Cyber perpetrators allegedly swiped customer data from Coinbase, demanding a ransom of $20 million in return.
*Coinbase Data Breach: What You Need to Know*
Coinbase, the leading American cryptocurrency exchange, is on red alert after a data breach allows bad actors to target customers for crypto-theft.
In a revealing post on social media, CEO Brian Armstrong confessed that dishonest employees, living outside the US, took bribes to disclose sensitive data such as names, birthdays, and partial ID numbers to cybercriminals. This stolen info has been used to execute social engineering attacks, where callers pose as Coinbase reps and trick customers into transferring funds.
It's not clear how many Coinbase customers have been affected, but the company has vowed to make good on any losses suffered by its customers as a result of this incident. In documents filed with the US Securities and Exchange Commission (SEC), Coinbase projected that it may have to spend between $180 million to $400 million to cover remediation and customer reimbursements related to the bribes.
As the cybercriminals demanded a ransom of $20 million in bitcoin not to publicize the stolen customer info, Coinbase responded by refusing to pay and instead offering a $20 million bounty for any information that leads to the capture of the attackers. In Armstrong's words, "We will prosecute you and bring you to justice."
What Should You Do?
- Enable Two-Factor Authentication (2FA) and withdrawal allow-listing to beef up account security.

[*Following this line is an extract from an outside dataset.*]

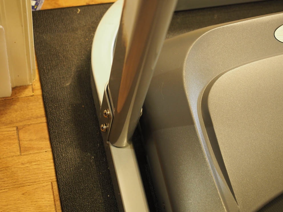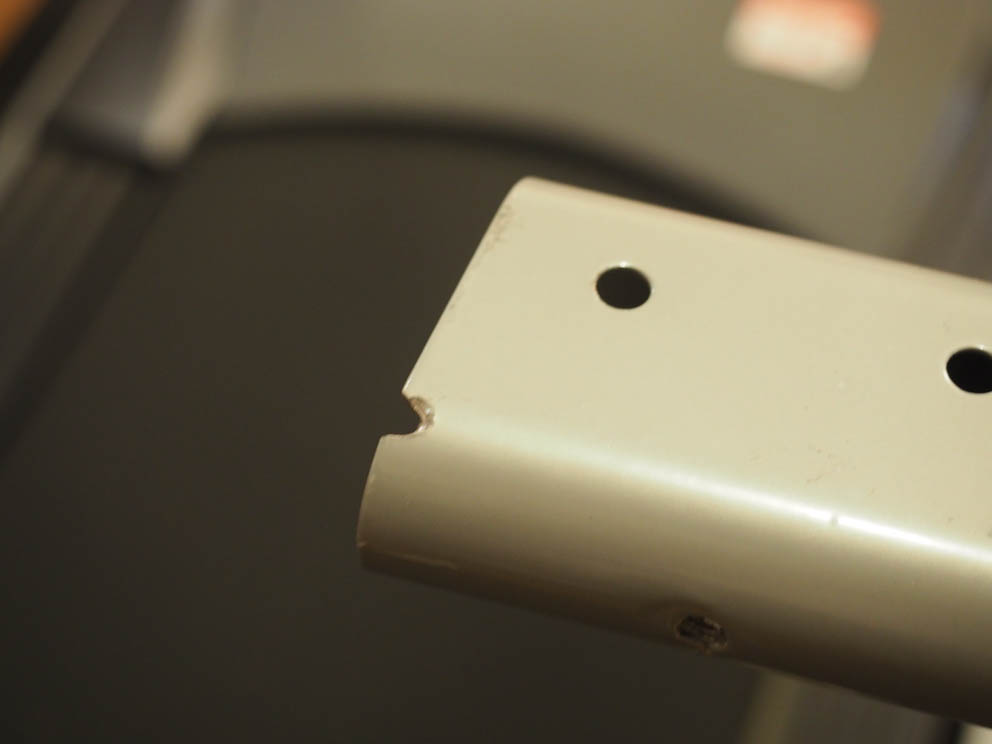 操作パネルを支える脚を本体にはめ込むのですが、はめ込まれる側の内側に、溶接の大きなバリが出ていて脚が最後まで入りません。バリは奥の方にあるし固いのでとても削り落とせる状況ではありません。仕方ないので、上記右の写真のように、差し込む脚の先っぽのバリの当たる個所を削ることにしました。鋼鉄用のビットを使ってドリルで小さな穴をあけそれをヤスリで広げました。これで脚はきっちりとはめ込めるようになりました。こういった作業は、一般的に工具のないお家では無理ですので、修理業者に頼むことになるのでしょう。このような作りの雑なところはやっぱり**製ですね。

- Be wary of any unexpected calls requesting sensitive information or pressuring you to transfer funds. Never share sensitive data over the phone or under pressure.
- Keep an eye out for phishing attempts and stay vigilant against scams.

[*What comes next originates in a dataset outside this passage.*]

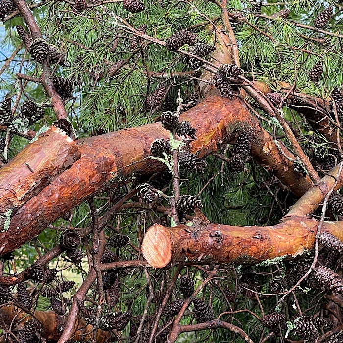In the above picture, you can see the broken pine tree number two. You can see where Bruce cut the attached trunk so the stump is now clear.

Stay informed as Coinbase continues to take measures to safeguard customer info and prevent future incidents.
Further Reading:
- Cryptocurrency Security
- Cybersecurity Measures
- Data Privacy
- Coinbase Updates
Enrichment Data:
- Number of Customers Affected by the Coinbase Data Breach: Approximately 1% of users (~1 million, considering Coinbase's 100M+ user base)
- Breach Mechanism: Bribed support agents facilitated access to customer data
- Remediation Costs: Expected expenses range from $180 million to $400 million (reimbursement, remediation, and security upgrades)
- Reimbursement: Voluntary reimbursement for customers who lost funds due to social engineering
- Security Measures: Measures taken include firing involved employees, criminal charges, opening a new U.S. support hub, enhanced insider-threat and automated threat detection, increased customer education
- Customer Advice: Enable 2FA, withdrawal allow-listing, beware of scams, never share sensitive information.
- This cybersecurity incident at Coinbase underscores the importance of data-and-cloud-computing security measures, particularly in the realm of general-news and crime-and-justice.
- In light of the Coinbase data breach, it's crucial for users to follow recommended security practices such as enabling Two-Factor Authentication (2FA), withdrawal allow-listing, and being vigilant against phishing attempts to protect their accounts.